The U.S. Supreme Court has agreed to accept three important religious-liberty cases. No rulings are expected before next spring.

Two of the cases deal with the constitutionality of posting copies of the Ten Commandments on public property. Those opposed to such displays maintain that it is wrong for the government to sponsor any religious display. Those who favor such displays say it is simply part of our religious heritage and is no more unconstitutional than having “In God We Trust” on our coins.

There are approximately 4,000 Ten Commandment monuments in the United States. Most of them were donated by the Fraternal Order of Eagles in the 1950s and 1960s.

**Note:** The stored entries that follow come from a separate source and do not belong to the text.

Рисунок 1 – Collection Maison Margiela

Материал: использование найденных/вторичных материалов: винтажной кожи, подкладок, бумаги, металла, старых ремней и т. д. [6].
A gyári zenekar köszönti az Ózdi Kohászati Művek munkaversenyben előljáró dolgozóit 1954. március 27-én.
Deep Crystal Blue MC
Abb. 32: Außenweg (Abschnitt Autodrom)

At issue is whether the Supreme Court will require such symbols to be surrounded by purely secular symbols, as it does with regard to Nativity scenes at Christmastime.

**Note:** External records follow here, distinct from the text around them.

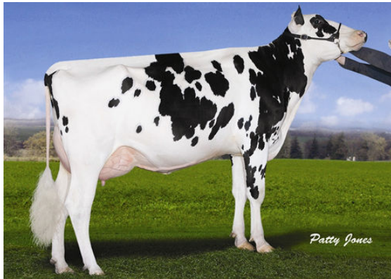
GILLETTE BOLTON 2ND LOOK FIFTH DAM
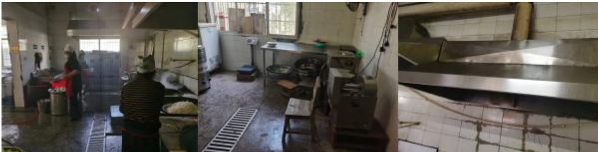
图 I-2 厨师、厨房卫生情况组图
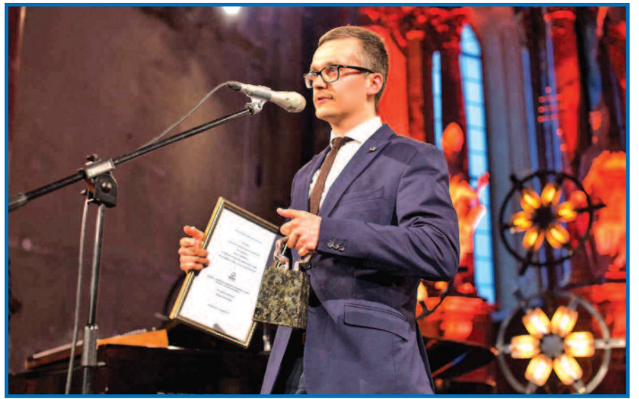
Saulius Lukoševičius atsiima geriausio Lietuvos kino operatoriaus apdovanojimą.

The third case involves the right of Wiccans, Satanists and white supremacists to practice their alleged religious practices in prisons without interference by prison officials. Prison wardens say that some inmates have used their religious liberties to subvert the authority of prison guards, hence leading to institutional breakdown.

In another development, the House of Representatives passed legislation that prevents the federal courts from ruling on whether the words “under God” should be deleted from the Pledge of Allegiance. The Senate has not ruled yet on this issue.

All of which proves that when it comes to religious liberty, all eyes are on the courts.